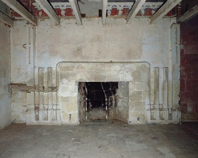 Grande salle : cheminée.
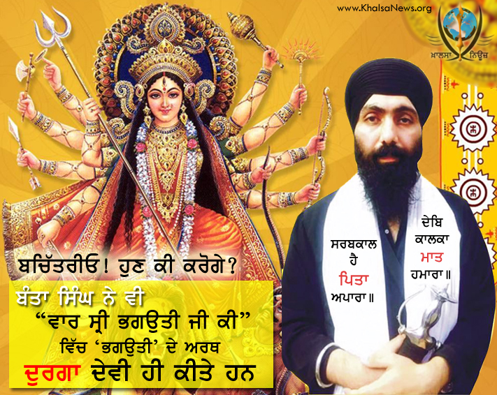 ਭਗਉਤੀ ਜੀ ਕੀ” ਵਿੱਚ ਭਗਉਤੀ ਦੇ ਅਰਥ ਦੁਰਗਾ ਦੇਵੀ ਕੀਤੇ ਹਨ। ਆਸ ਹੈ ਕਿ ਗੁਰੂ
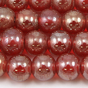 Beads, 10mm Round, Transparent Lustre, RED
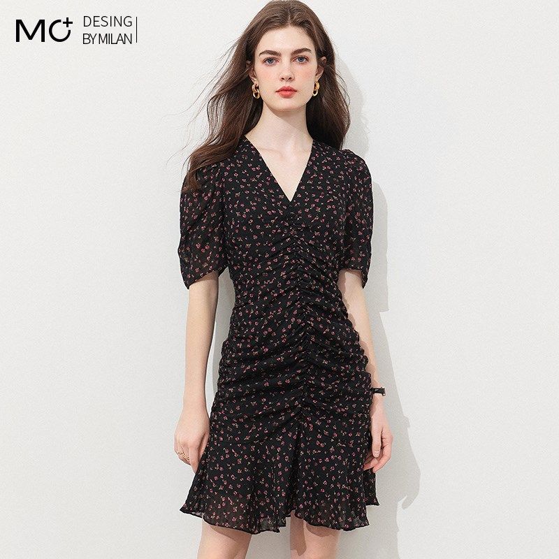 SOMSOM/索玛中长款雪纺连衣裙夏季法式V领印花开叉A字短袖茶歇裙
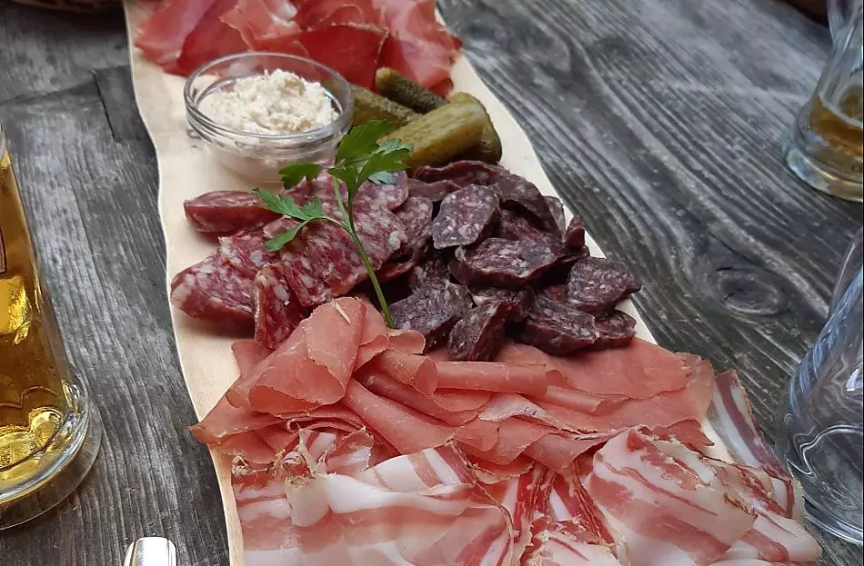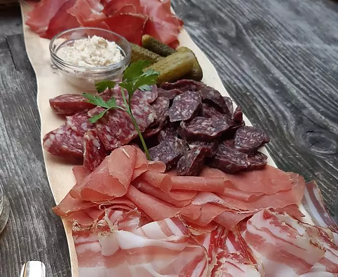 - Hofeigene Produkte beim Frühstück: Milch, Käse, Speck, Eier, Fruchtaufstriche
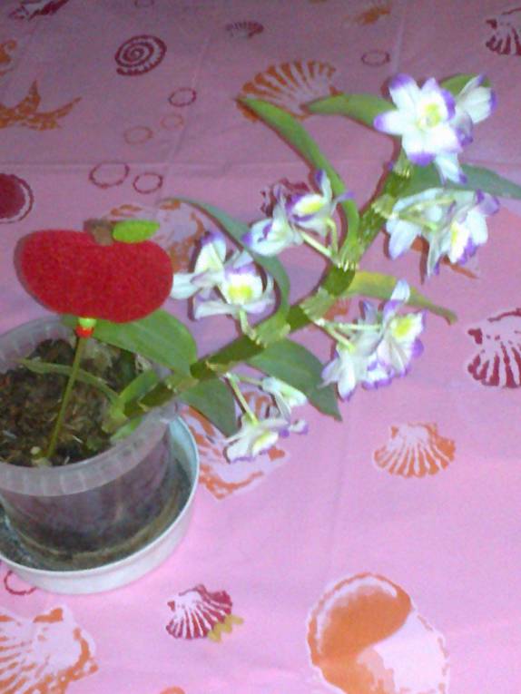 Дюймовочка, красивый! Да, порадовал к празднику. А мой дендробиум что то чахнет.
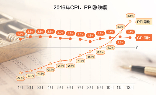 数据显示,2016年12月,PPI环比上涨1.6%,其中,生产资料价格上涨2.0%,涨幅与上月持平;生活资料价格上涨0.3%,涨幅比上月扩大0.1个百分点。
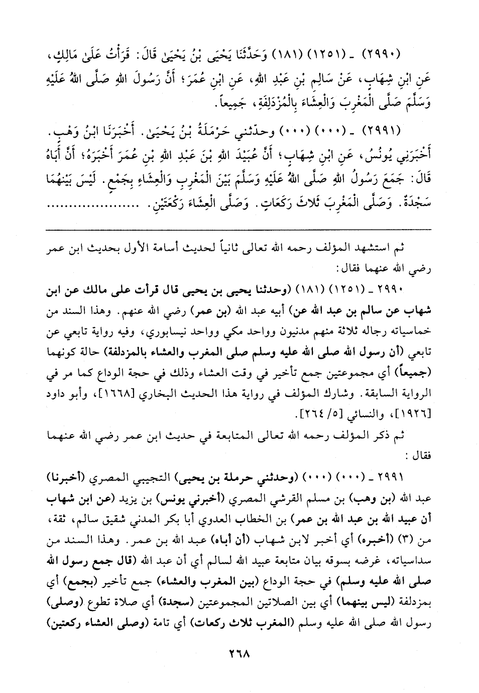 ٢٩٩١ - (٠٠) (٠٠) (وحدثني حرملة بن يحيى) التجيبي المصري (أخبرنا) عبد الله (بن وهب) بن مسلم القرشي المصري (أخبرني يونس) بن يزيد (عن ابن شهاب أن عبيد الله بن عبد الله بن عمر) بن الخطاب العدوي أبا بكر المدني شقيق سالم، ثقة، من (٣) (أخبره) أي أخبر لابن شهاب (أن أباه) عبد الله بن عمر. وهذا السند من سداسياته، غرضه بسوقه بيان متابعة عبيد الله لسالم أي أن عبد الله (قال جمع رسول الله صلى الله عليه وسلم) في حجة الوداع (بين المغرب والعشاء) جمع تأخير (بجمع) أي بمزدلفة (ليس بينهما) أي بين الصلاتين المجموعتين (سجدة) أي صلاة تطوع (وصلى) رسول الله صلى الله عليه وسلم (المغرب ثلاث ركعات) أي تامة (وصلى العشاء ركعتين)
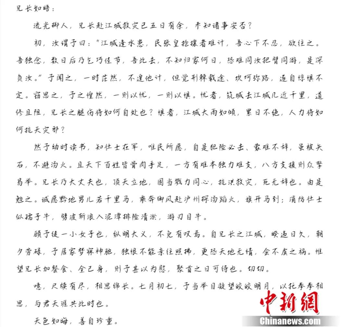 羡慕!女友向抗洪前线的消防男友写文言文家书,刚好520个字
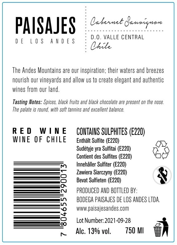| Libellé | Paisajes de los Andes, 2021 - Valle Central DO, CHILI - Rouge - 75 cl |
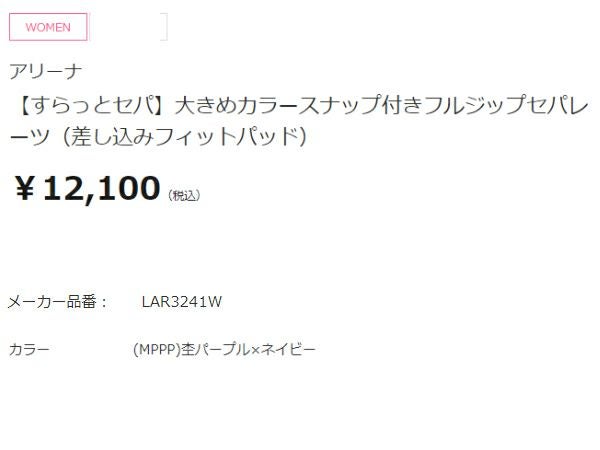 6. アリーナ すらっとセパ 大きめカラースナップ付きフルジップセパレーツ(差し込みフィットパッド) レディース arena アウトレット セール
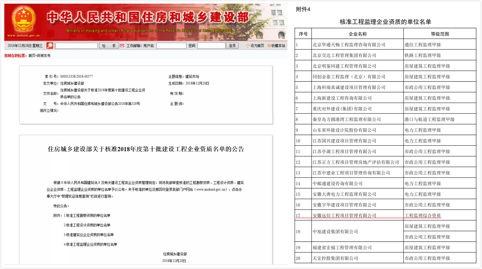 12月26日,根據(jù)住房城鄉(xiāng)建設(shè)部公告,公司喜獲工程監(jiān)理企業(yè)資質(zhì)最高級(jí)別--工程監(jiān)理綜合資質(zhì)。自此,安徽遠(yuǎn)信成為安徽省第8家、全國(guó)第188家可以承擔(dān)所有級(jí)別、所有專(zhuān)業(yè)工程類(lèi)別建設(shè)工程項(xiàng)目監(jiān)理業(yè)務(wù)的“全能型”企業(yè)。這是全體遠(yuǎn)信人孜孜不倦為之奮斗十余年而最終實(shí)現(xiàn)的戰(zhàn)略目標(biāo),在遠(yuǎn)信的發(fā)展進(jìn)程中具有里程碑意義。

_EXERCISE GOAL_: From the records above, return exactly the lines running from the one that contains "SOMSOM/索玛中长款雪纺连衣裙夏季法式V领印花开叉A字短袖茶歇裙" down to the one that contains "数据显示,2016年12月,PPI环比上", both included, without any pictures.

_SOLUTION TO THIS PROBLEM_:
 SOMSOM/索玛中长款雪纺连衣裙夏季法式V领印花开叉A字短袖茶歇裙
 - Hofeigene Produkte beim Frühstück: Milch, Käse, Speck, Eier, Fruchtaufstriche
 Дюймовочка, красивый! Да, порадовал к празднику. А мой дендробиум что то чахнет.
 数据显示,2016年12月,PPI环比上涨1.6%,其中,生产资料价格上涨2.0%,涨幅与上月持平;生活资料价格上涨0.3%,涨幅比上月扩大0.1个百分点。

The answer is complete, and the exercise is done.